Pour les restaurateurs, fidéliser la clientèle devient un enjeu de plus en plus important.

  • 75% des ventes sont attribuables aux habitués.
  • 77% des consommateurs estiment qu’ils bénéficient dorénavant d’une plus vaste sélection de restaurants qu’il y a deux ans.
  • 14% des restaurateurs jugent que maintenir la loyauté de la clientèle représente le défi prioritaire.

Restaurants à service rapide

Les établissements offrant un service rapide ont eux aussi connu en 2004 leurs meilleurs résultats des trois dernières années. Les ventes de 2004 aux États-Unis sont estimées à 124 milliards $US, une hausse annuelle de 3,9%.

La clientèle de la restauration rapide demande des améliorations concernant l’accessibilité du service, la variété des menus, l’offre d’aliments «santé» et le renouvellement ponctuel des menus et du décor. Pour la restauration rapide, la facilité, des menus plus élaborés, une sélection plus «santé» et un renouvellement des menus et du décor constituent les aspects les plus en demande par la clientèle. Voici quelques grandes lignes du sondage:

  • Les services de livraison et «pour emporter» demeurent fortement appréciés, 72% des adultes les utilisent afin d’accorder plus de temps à d’autres activités.
  • Les restaurants qui réussissent le mieux sont ceux qui ont opté pour un décor et des menus s’éloignant de ce que l’on retrouve dans la restauration rapide traditionnelle.
  • 90% des gens souhaitent une vaste sélection au menu pour obtenir exactement ce qu’ils veulent au moment de commander.
  • Soucieux d’attirer de nouvelles clientèles, 25% des gestionnaires en restauration rapide investiront davantage en publicité.
  • Plus de 80% des dirigeants affirment avoir recours à des clients mystères pour effectuer des contrôles de qualité.

 

Des menus pour tous les goûts

Pour s’assurer de rester compétitifs, les gestionnaires de la restauration à service complet doivent s’adapter aux goûts changeants de la clientèle.

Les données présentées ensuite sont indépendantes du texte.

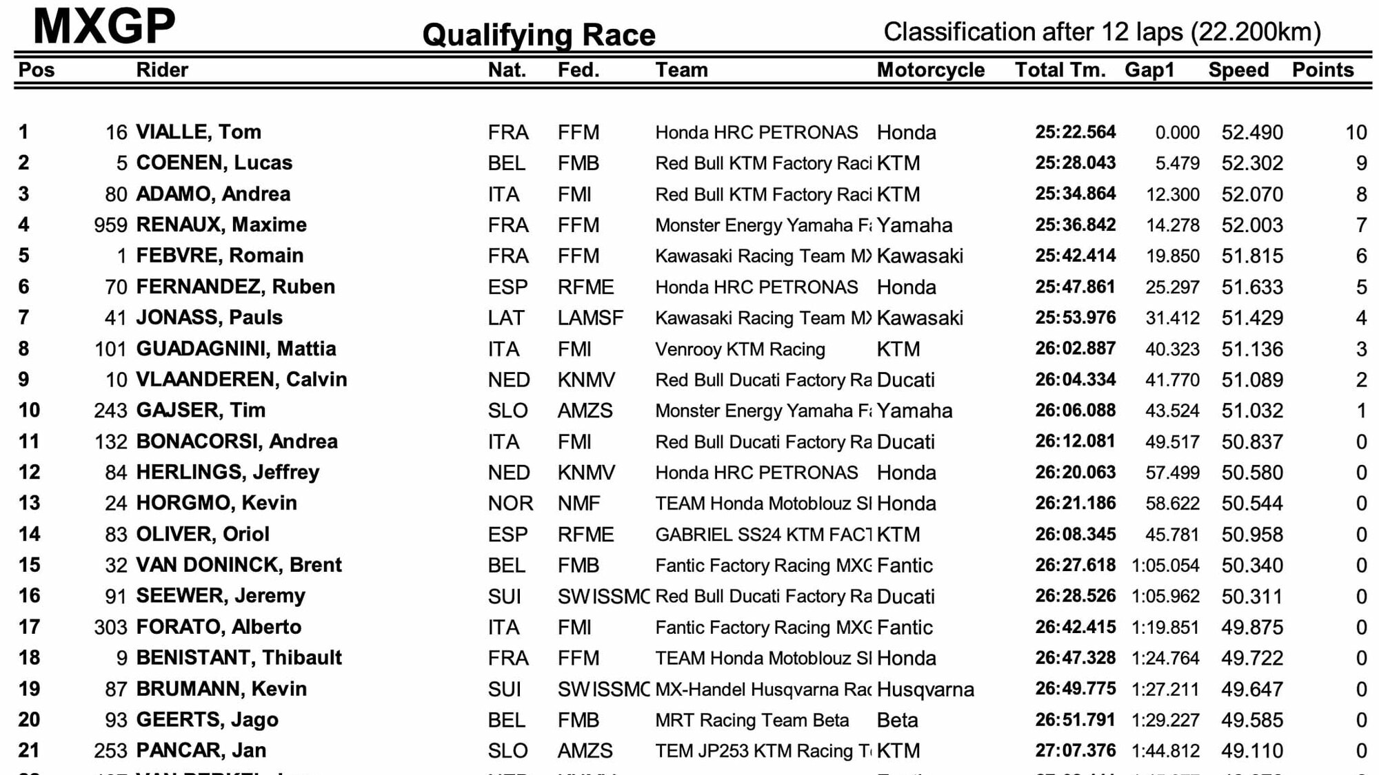 Eccellente la terza posizione di Andrea Adamo (KTM) che esordisce in grande stile nella classe regina, portando a casa una manche solida che lo vede avere la meglio su due rivali del calibro di Maxime Renaux (Yamaha) e Romain Febvre (Kawasaki) che tagliano il traguardo alle sue spalle. 7° sotto la bandiera a scacchi, Ruben Fernandez (Honda), ha la meglio su Pauls Jonass (Kawasaki) e sull’ottimo Mattia Guadagnini (KTM) che tiene a bada il ritorno di Calvin Vlaanderen al debutto sulla Ducati, con Tim Gajser (Yamaha), poco convincente e 10° dopo una scivolata.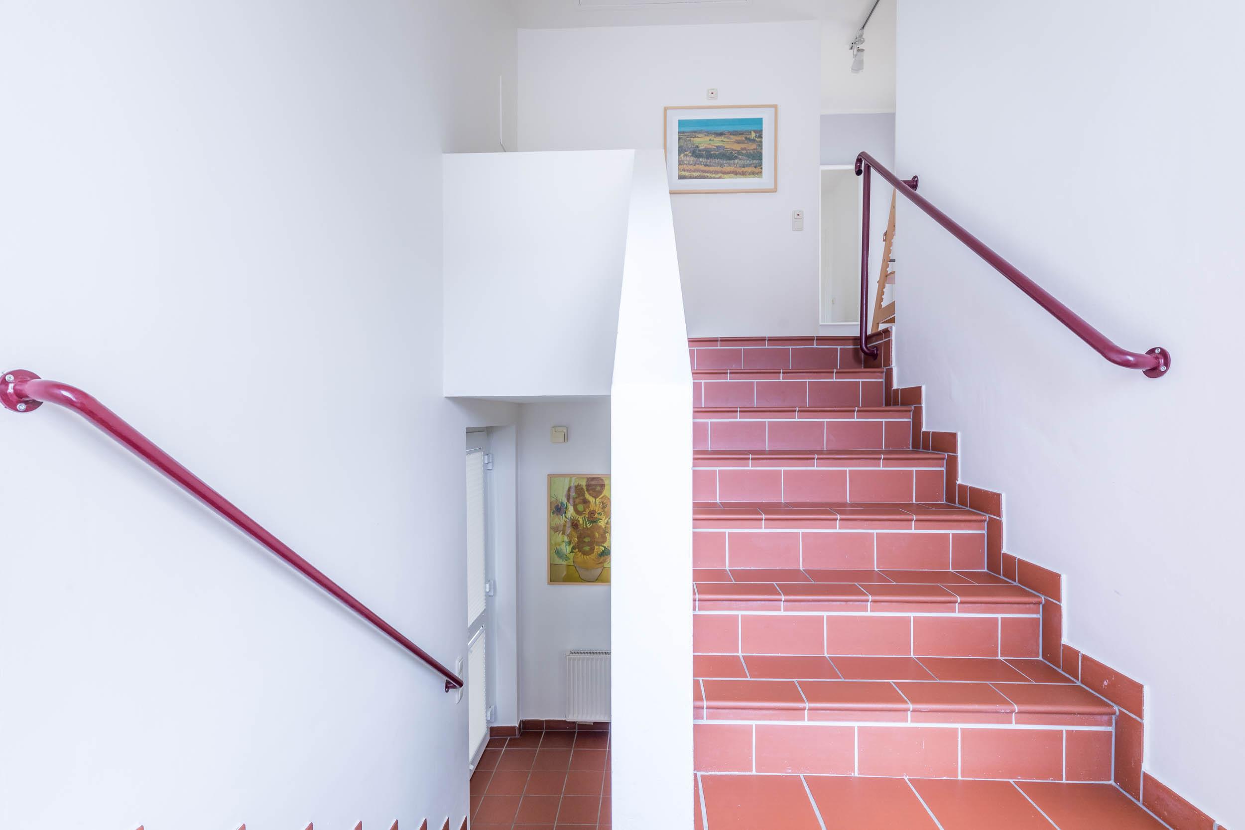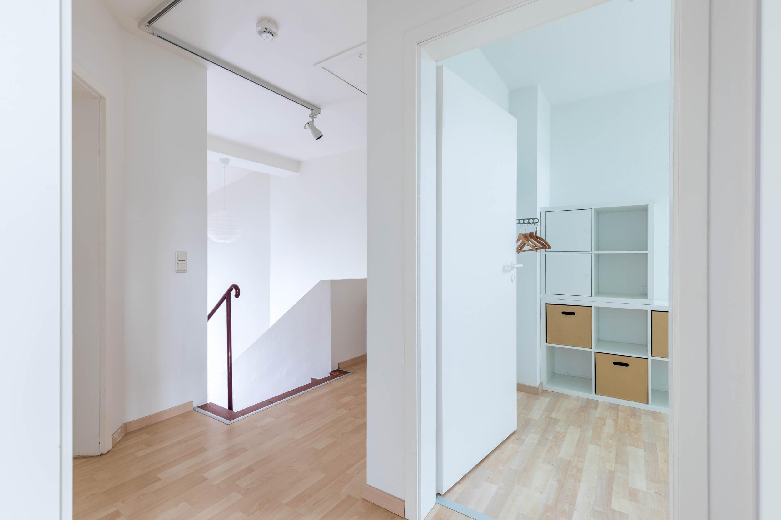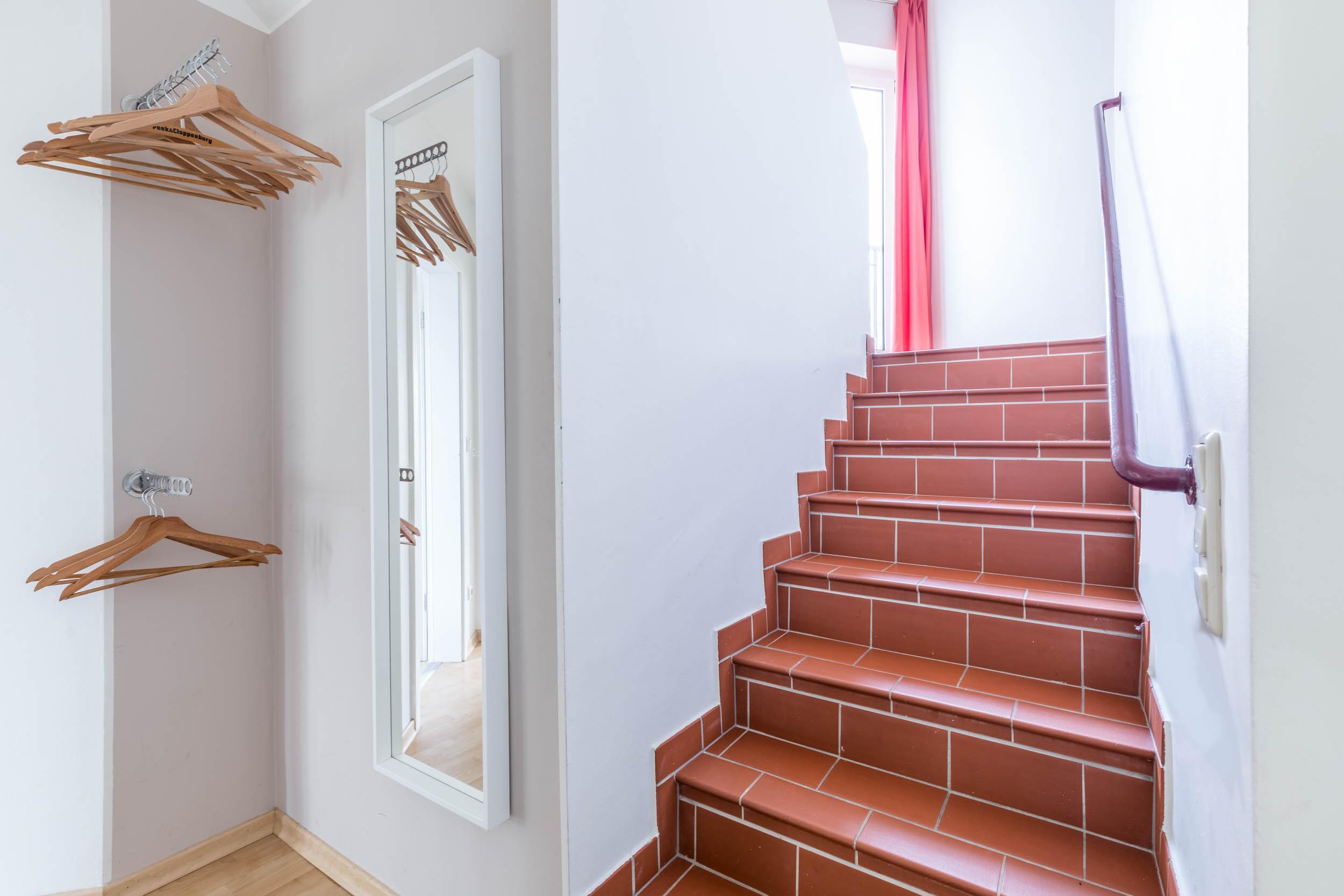 Vom Flur aus führt eine Treppe ins 1. Obergeschoss. Am oberen Ende begrüßt Sie in der kleinen Galerie ein Schreibtisch. Hier können Sie entspannt schreiben, malen, am PC arbeiten usw.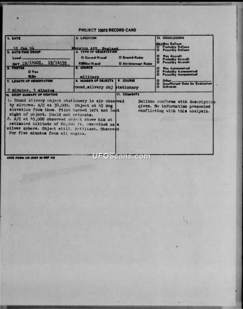 Project 10073 Record Card — Manston, England, 19 January 1954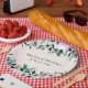 Assiettes en papier avec un joli motif floral réalisé à l'aquarelle. Fleurs de jardin roses, violettes et vertes.
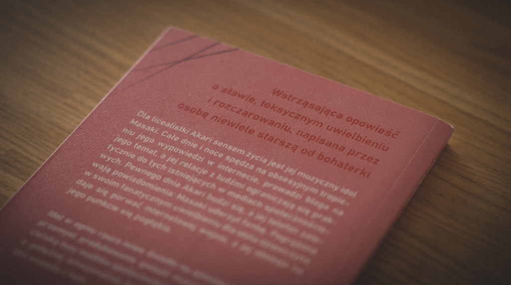 Świat Akari zaczyna się jednak chwiać, gdy Masaki zostaje zamieszany w skandal, a jego kariera stoi na krawędzi. Autorka w niezwykle subtelny, a zarazem przenikliwy sposób pokazuje, jak silna może być więź fana z idolem – więź, która potrafi pochłonąć całe życie. Akari nie ma innych pasji ani zainteresowań, nie ma przyjaciół, którzy mogliby ją wspierać. Jej obsesja na punkcie Masaki’ego jest jej jedynym azylem, a jednocześnie źródłem głębokiego cierpienia. Powieść ukazuje, jak łatwo granica między podziwem a uzależnieniem może zostać przekroczona, i jak niebezpieczne mogą być skutki emocjonalnej inwestycji w życie kogoś, kogo tak naprawdę się nie zna.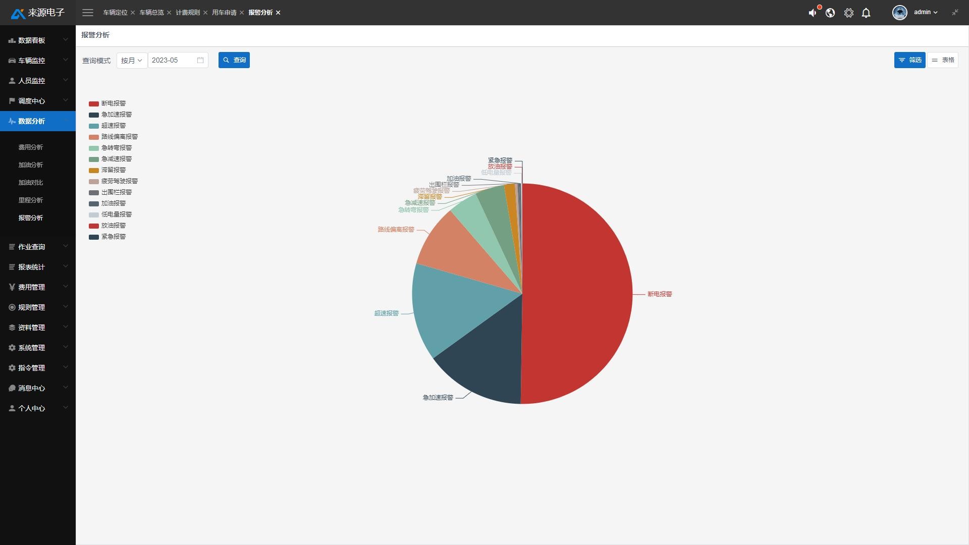 一张图集成了派工情况,车辆分布情况,企业资产情况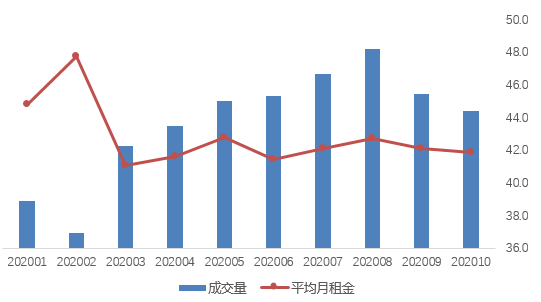 貝殼研究院數(shù)據(jù)顯示,10月貝殼重點城市租賃市場成交量環(huán)比持續(xù)下降,租金水平同比四連降達到近五年最低值。從成交量來看,10月租賃成交量環(huán)比下降10.5%,延續(xù)9月的下降態(tài)勢。從租金水平來看,2016-2020年的10月租金四連降,達到近五年最低。2020年10月重點城市平均月租金為41.8元/平米,環(huán)比下降0.6%,同比下降4.0%。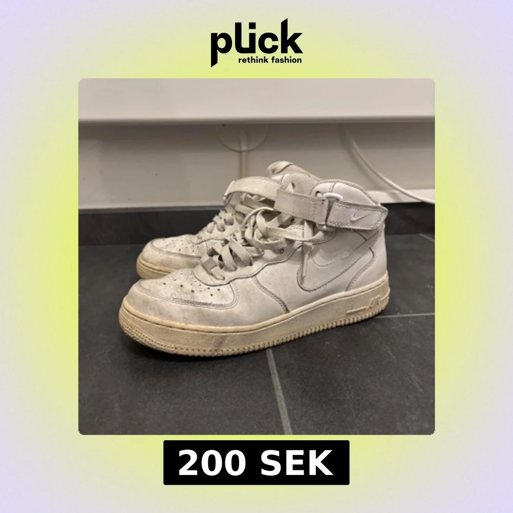 Airforce 1 mids strl 40. Väldigt bra skick endast lite smutsiga men går bort snabbt. Sulan är lite mer off white i färgen men framstår som mer gul än vad den är på bilderna.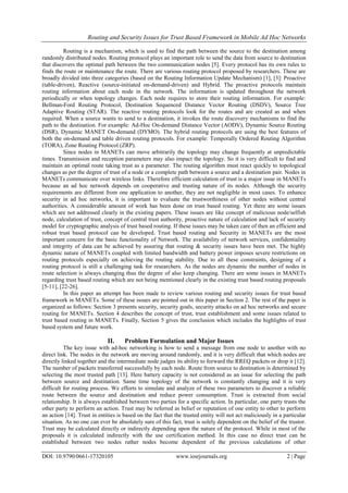 This document discusses routing and security issues for trust-based frameworks in mobile ad hoc networks (MANETs). It begins by defining MANETs and explaining that routing protocols play an important role in discovering optimal paths between nodes. However, the dynamic and unpredictable nature of MANETs makes routing difficult. The document then examines security issues for MANETs including attacks from malicious nodes. It argues that establishing trust between nodes is important for routing and security. However, existing trust-based routing proposals have issues that are not clearly addressed, such as how to calculate and establish trust between nodes. The document concludes by stating that addressing these open issues could help develop more efficient and robust trust-based routing protocols for MANETs.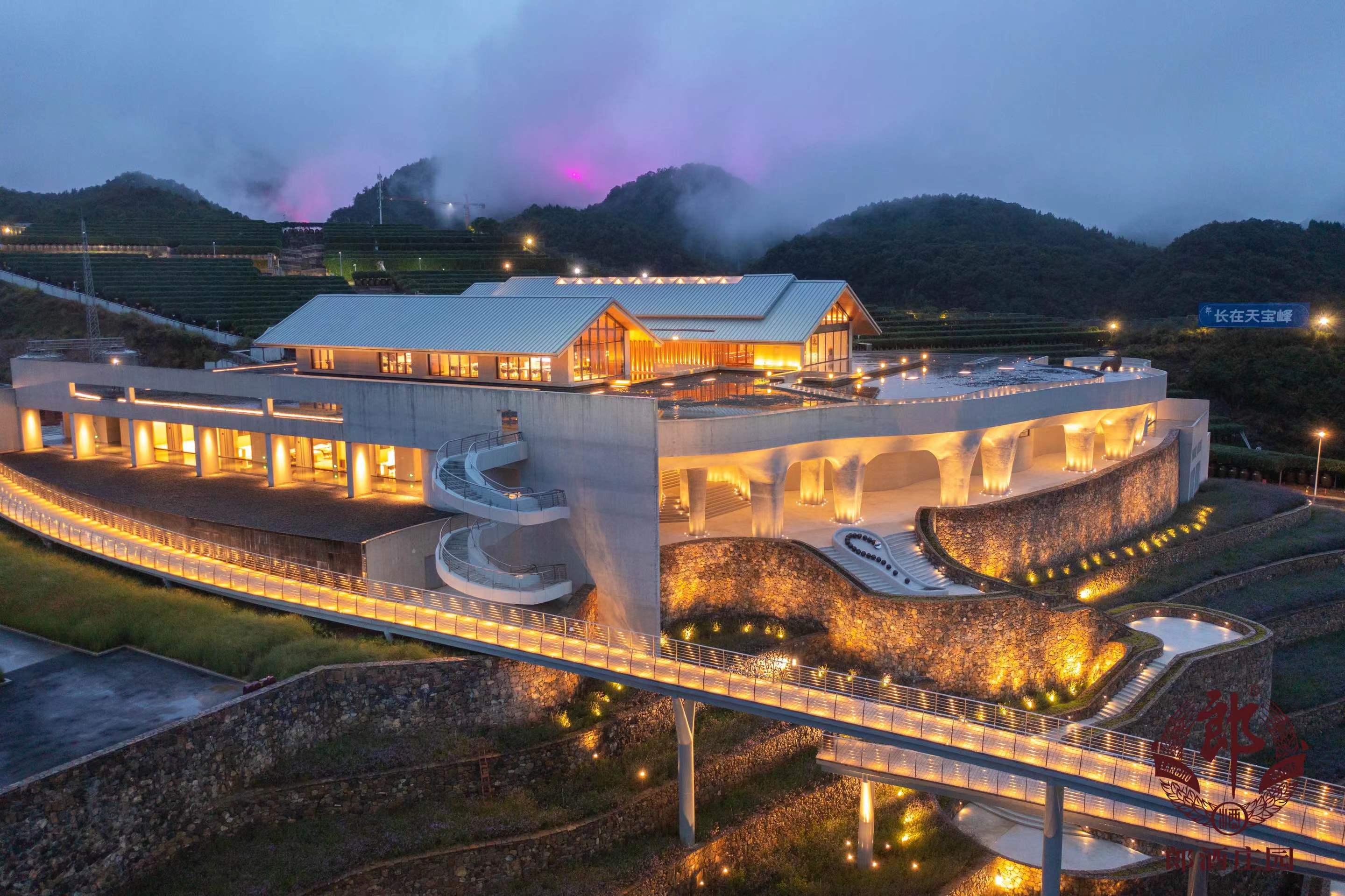 郎酒庄园“地之阁”位于天宝峰之巅,顺应山势,向东而立,有着紫气东来的美好寓意,整体建筑设计形似一柄玉如意,由如意桥作为玉柄连接起两端,匠心独具。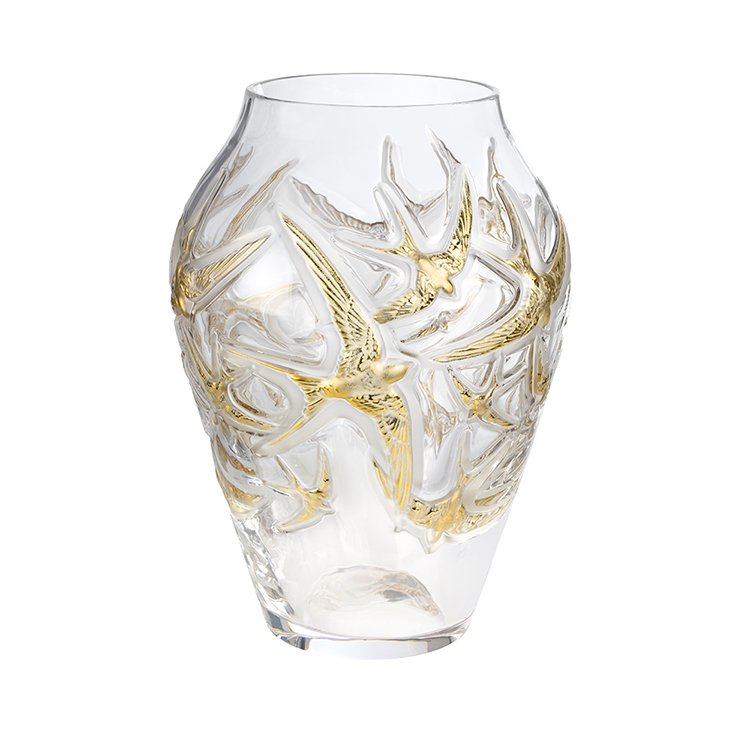 Découvrez le vase Hirondelles grand modèle Lalique. Célébrant le 130ème anniversaire de la Maison, la nouvelle collection nous entraîne au coeur du patrimoine et du riche héritage construit par René Lalique. Lalique réinterprète aujourd’hui la figure de l’hirondelle, annonciatrice du printemps, symbole de bonheur et de liberté. Sculptées dans le cristal satiné repoli, les hirondelles se juxtaposent dans un jeu de répétition graphique.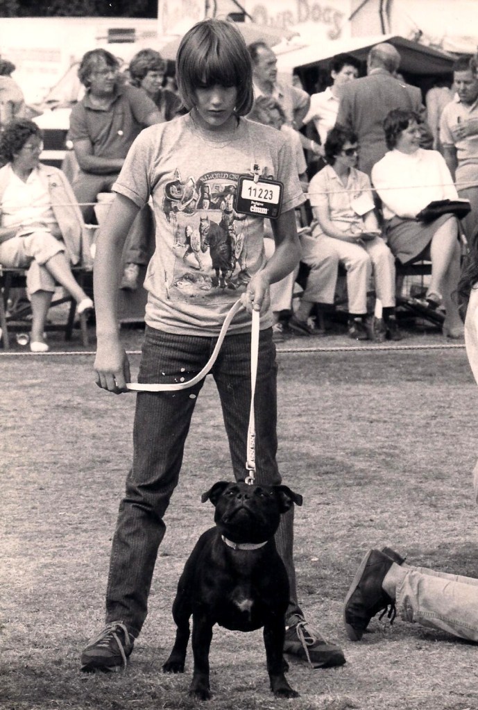 1985, what a phenomenally exciting year that was, Popsy achieving all the early promise, not quite as we thought it would be but how it usually is, with ups and downs, more of the latter. A lot is said about face judging and judges putting up safe options/friends/etc but this is a good example of how, in Staffords, total newcomers can make up a dog, in our case with a child handler. Simultaneously, the Cookes (Ronnie, Blanche and Julie) made up Ch Eccstaff Tuxedo Warrior, their first dog.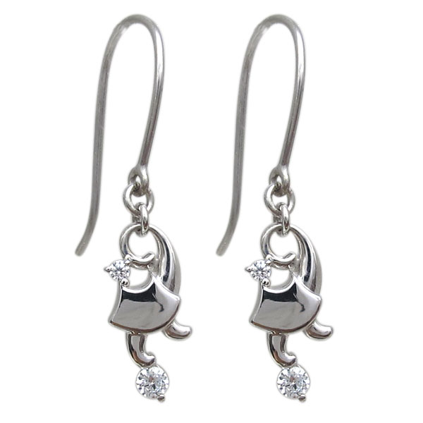 4月誕生石ダイヤモンドを使用した、10金製の猫モチーフフックピアス(アメリカンフックピアス)です。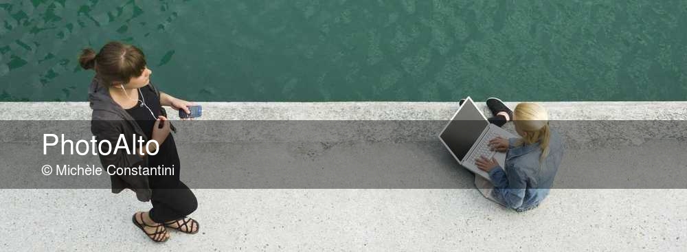 Young woman sitting beside canal, using laptop computer, elevated view © Michèle Constantini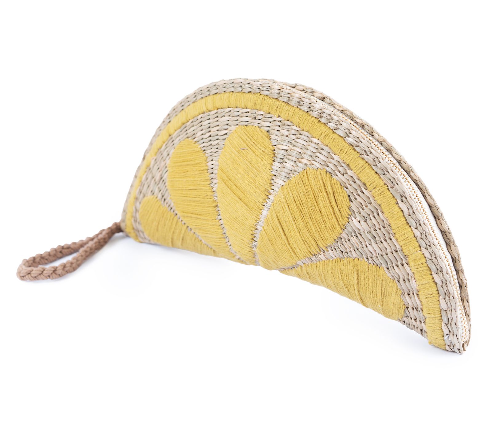 Whether headed to a rooftop party or a beachside brunch, this woven straw clutch instantly adds a playful pop to your look with its fruity stripes and eye-catching half-moon shape. The roomy interior offers space for your must-haves, while the zip top keeps everything secure as you move from day to night. From Jelavu.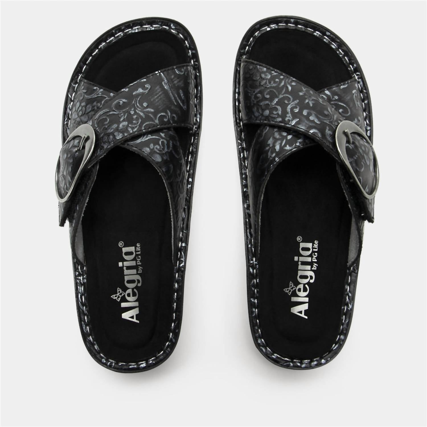 Flowy dresses, cropped pants, and even jumpsuits... this sandal works with them all! This crisscross sandal elevates a classic silhouette with handstitched detailing and an ornamental buckle on an adjustable hook‑and‑loop strap. A removable contoured footbed, crafted from cork and memory foam, fits into a mini outsole to support easy walking and comfort. Available with uppers in textured calf hair or smooth leather, it blends refined style and everyday wearability. This model also meets podiatric standards, includes a detachable, ergonomically designed footbed, and features a 1‑inch heel built on a mini‑rocker outsole.

  • Les entrées de fruits de mer gagnent en popularité, puisque que 64% des restaurants pratiquant des prix un peu plus élevés affirment en vendre davantage qu’il y a deux ans.
  • Pour plus de la moitié des restos de type familial ou décontracté, les entrées de salade obtiennent davantage la cote.

Pour ce qui a trait à la restauration rapide, même si 70% de la clientèle estime qu’elle y retrouve davantage de repas nutritifs qu’avant, plusieurs améliorations seraient à envisager.

  • 90% opteraient pour des fruits frais s’ils étaient offerts.
  • 86% seraient tentés par des légumes frais s’ils étaient au menu.
  • 92% des femmes et 79% des hommes aimeraient manger une salade comme plat principal.
  • Un nombre de plus en plus élevé d’individus souhaite des articles plus «santé», tels que le yogourt glacé, la vinaigrette à faible teneur en calories, le pain au blé entier, le poulet sans peau, etc.

Le Québec dans la même assiette?

L’industrie de la restauration au Québec affiche également des signes de santé avec des hausses positives des revenus en 2002 (+6,9%) et 2003 (+2,7%). Les ménages consacrent environ 34$ chaque semaine pour les dépenses au restaurant, soit environ 29% de l’ensemble du panier alimentaire.

La qualité du service et la pénurie de la main-d’oeuvre figurent en tête parmi les enjeux. Jean Authier, de l’auberge La Pinsonnière (membre de la chaîne Relais & Châteaux) et ancien président de l’Association des hôteliers du Québec, va même jusqu’à dire que le service est déficient au Québec, particulièrement dans la restauration haut de gamme. Des cours de service de table plus élaborés et s’échelonnant sur plus d’un an pourraient résoudre une partie du problème.

En ce qui concerne la pénurie de main-d’oeuvre, il s’agit, selon Jean Authier, d’emplois qui n’obtiennent pas suffisamment de reconnaissance et qui gagneraient à être mis en valeur par les intervenants concernés. Il faut notamment vaincre la fausse perception à l’effet que les métiers de cuisine et de table soient mal rémunérés et sans avenir.

Sources:
– Riehle, Hudson. «Outlook for the Restaurant Industry», National Restaurant Association, 2004 TIA Marketing Outlook Forum, 27-29 octobre 2004.
– Désiront, André. «Le service est déficient au Québec!», TourismExpress [www.tourismexpress.com], 29 novembre 2004.
– Association des restaurateurs du Québec. L’industrie de la restauration au Québec, [www.restaurateurs.ca], 2004.

Catégories
Segments de clientèles Tendances

Marketing Outlook Forum de la TIA (première partie)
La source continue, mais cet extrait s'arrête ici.